Он пел на голос: «Как и мой-от козел всегда пьян и весел».

Левин чувствовал, как холод проникал ему в душу. Страшно ему было слушать такие песни после того, что он сейчас видел. А юродивый, остановившись на минуту, весело сказал:

— Здравствуй, Варсона! Заходи ко мне в гости, у меня свадьба.

— А ты где живешь теперь?

Юродивый рассмеялся, снова подбоченился и, спросив: «Где»? — снова начал приплясывать и приговаривать:

У Марьюшки

У Акимовны,

У Иванушки

У Захарыча —

Что у Марьюшки в шабрах,

У Ивана на задах...

— Вон он где живет! — говорил старик, улыбаясь. — Угадай-ка его, где это подворье... Марья Акимовна — это у него дщерь Иоакима и Анны, Мария — Богородица Дева, а Иван Захарыч — это сын Захарии и Елисавет, значит, Иоанн Креститель. Так вон он, Божий человек, где живет: у Девы Марии в соседстве и у Иоанна Крестителя на задах... Вот и попадай к нему в гости.

— А кого ж ты замуж выдаешь, кого женишь? — обратился старик к юродивому.

— Пса смердячего, что у царя в покоях гадит и на добрых людей лает, женю я, Варсонушка, на красной девице несчастливице, на Марьюшке Гаментовой.

— А что? — спросил старик с недоумением, зная вполне, что все намеки и иносказания юродивого всегда имеют практическое основание. — Что ж с нею, с Гаментовою-то, Фомушка?

— Этот пес Орелка нагадил на нее, а Андрей Иваныч Ушаков моет ее, голубушку, в немшоной бане.

«Немшоной баней» у тогдашнего простонародья, иносказательно, называлась тайная канцелярия или пыточный застенок, а иногда и просто виселица: «изба немшона и невершона».

Юродивый давал этим знать, что Гамильтон за что-то арестовали и что виной в этом был какой-то пес Орелка, — конечно, Орлов.

Для юродивого ничто не было тайной.

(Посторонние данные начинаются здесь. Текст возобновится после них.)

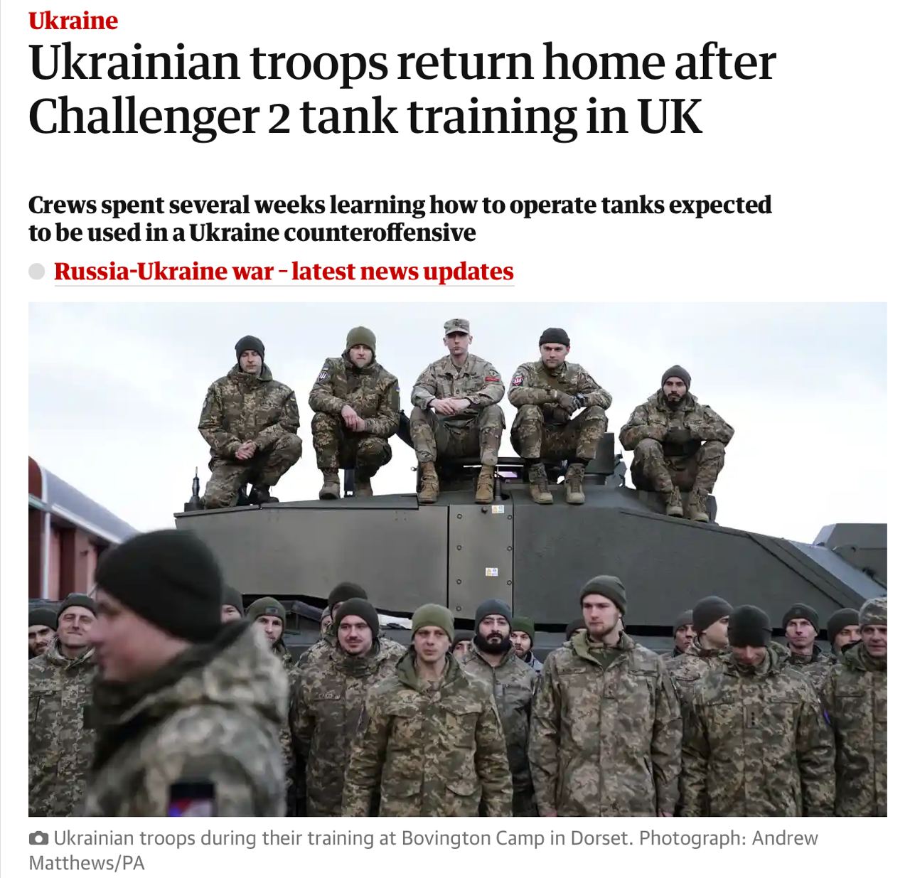 The British edition of The Guardian, commenting on the news, wrote that the crews and tanks will arrive in Ukraine in time for the expected spring counterattack by the AFU.
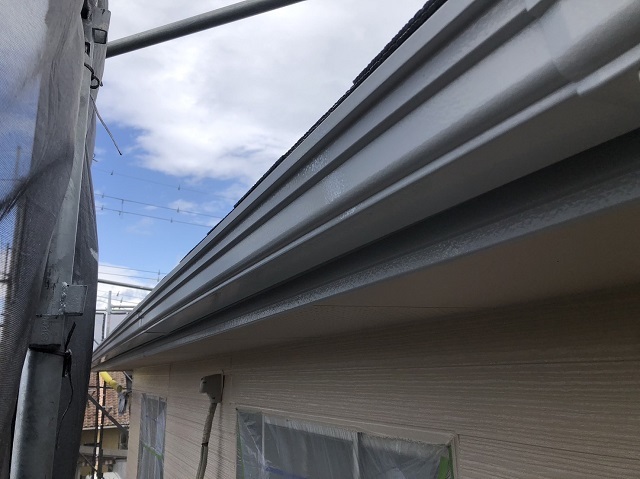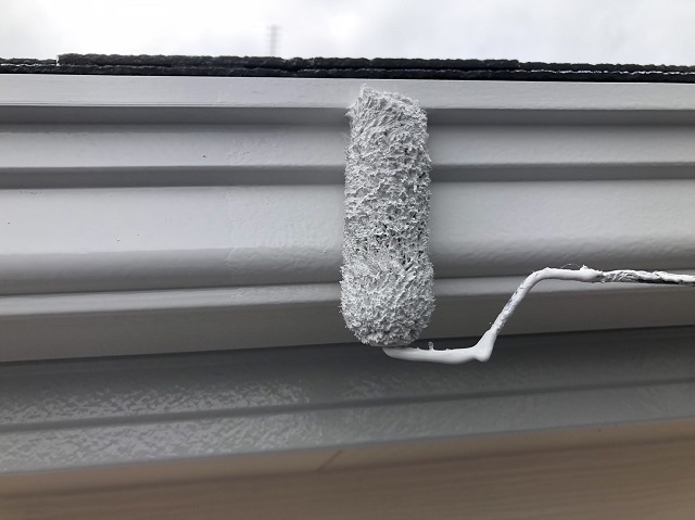 雨樋の塗装の様子です。午後から天気が怪しくなってきたので午前中で作業終了しました。明日は日曜日ですが天気良さそうなので作業進めます。またアップします。
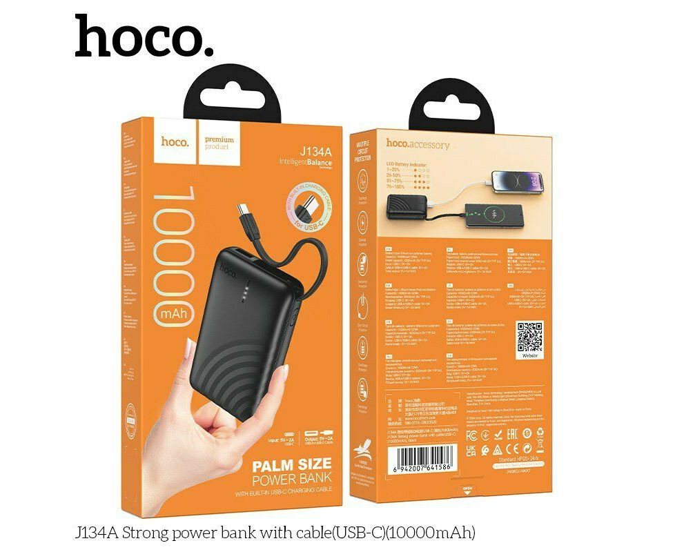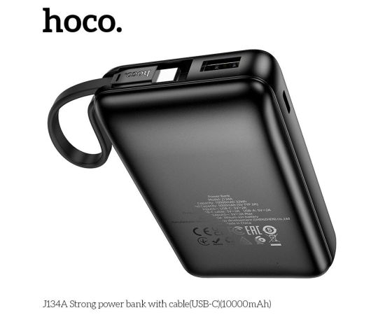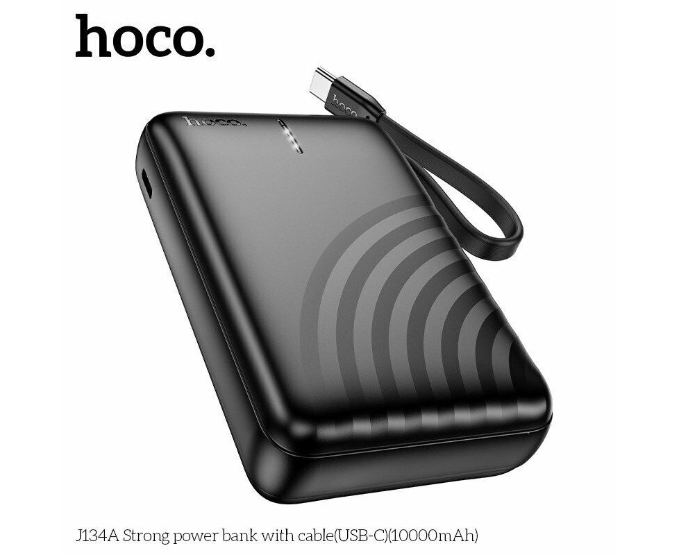 Аккумулятор внешний резервный HOCO J134A Strong с встроеными кабелем Lightning 10000mAh (черный)
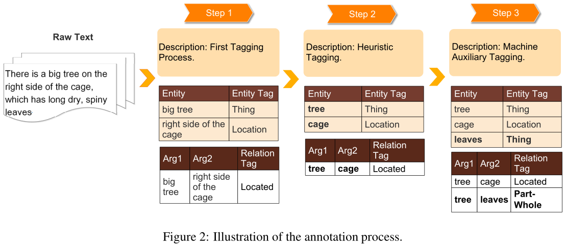 第一步:First T agging Process.第一次打包过程。我们首先尝试根据已定义的实体和关系标记对原始文章进行注释。在标注过程中,我们发现了数据不一致的问题。为了解决这个问题,我们设计了以下两个步骤。
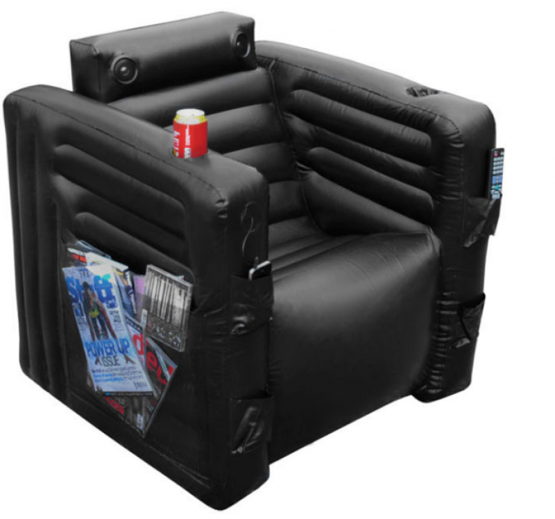 Vergeet die kleine en oncomfortabele kampeerstoelen. Met deze luxueuze opblaasbare zetel trek je op de camping meteen alle aandacht naar je toe. De zetel zit niet alleen stukken aangenamer dan het doorsnee festivalstoeltje, hij is ook gemakkelijker op te bergen en neemt veel minder plaats in beslag. Bovendien is hij uitgerust met luidsprekers waarmee je muziek kan afspelen en een bekerhouder voor al je drankjes.
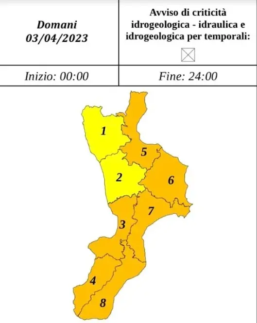 La protezione civile insieme al centro funzionale multirischi Arpacal ha emesso un’allerta arancione su tutto il versante jonico della Calabria e sul versante Tirrenico reggino, vibonese e catanzarese per la giornata di domani, lunedì 3 aprile. Il bollettino prevede fenomeni temporaleschi che potranno assumere carattere di nubifragio.
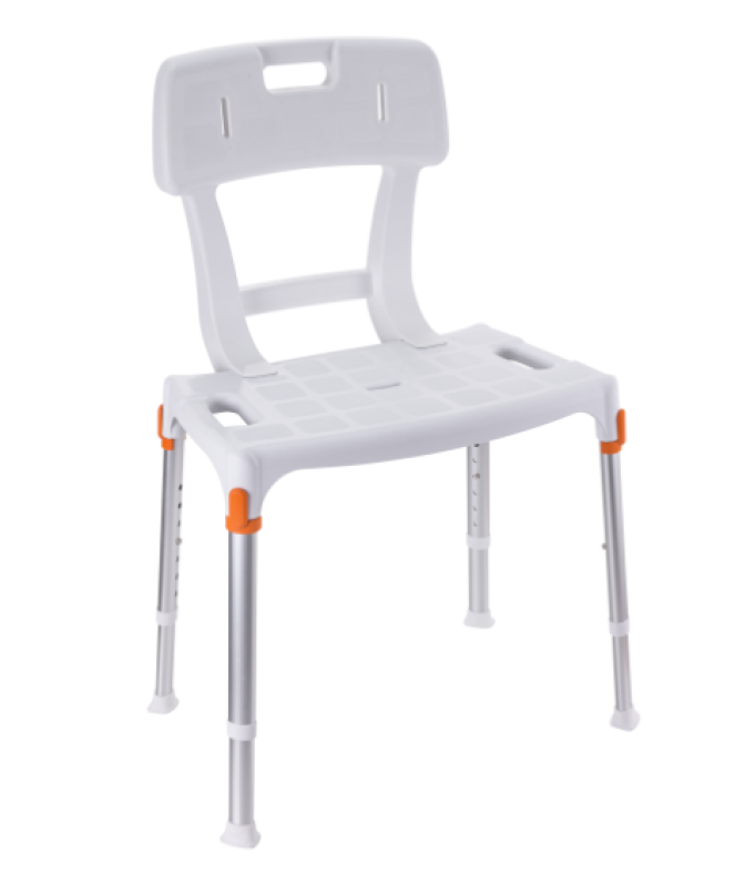 Denna stadiga duschpall syftar till att stödja alla som kan behöva ytterligare hjälp när de duschar eller utför personliga skötselrutiner i badrummet. Den snygga, moderna designen är estetiskt tilltalande för alla typer av badrum för antingen privata hem och/eller vårdinstitutioner: de använda materialen garanterar robusthet, hygien och hållbarhet. Tillverkad av plast av högsta kvalitet med dräneringshål, den breda sitsen med släta kanter minskar trycket ”stress” på kroppen. 50 x 30 cm. Sidogrepp i sitsen underlättar användningen. Höjdregleras, 39 till 54 cm. Max brukarvikt 150 kg.

Это был замечательный тип юродивых старого времени, людей, которые иногда шуткой, иногда иносказанием, иногда голой, грубой правдой бичевали сильных мира, владык светских и духовных, бросали жестким обличением в царей, и цари смирялись перед ними как перед посланниками Божьими, как перед боговдохновенными пророками. Юродивый — это первичная форма сатиры. Таким юродивым был Фомушка, личность необыкновенно замечательная. Он действительно вел святую жизнь, и народ боготворил его. Петр не любил юродивых, преследовал все, что только напоминало ему древнюю Русь, и он бы давно взоткнул голову Фомушки на кол — «головушку на колышек», как выражался Фомушка, но Фомушка был не такого закала человек, чтоб отдать себя на съеденье так, в угоду царской прихоти. Правда, когда бы пришлось рассчитываться серьезно, то Фомушка скорее дал бы вытянуть из своего сухого тела все жилы, вырвать язык, изжарить себя на медленном огне, чем поступиться чем-либо своим. Это был закаленный пропагандист антипетровского содержания, которого острый язык слоено скорпион язвил не только «новшества» Петра, его неумеренную строгость, но и государственную близорукость, какую-то однобокость царя, который ради многих затейных капризов, далеко не выходивших из принципов государственной пользы, довел экономическое состояние государства до самозадушения. Мало того, ядовитая паробола Фомушки ставила иногда реформы Петра в таком свете, что ясно кидалось всем в глаза отсутствие в этих реформах умной подкладки.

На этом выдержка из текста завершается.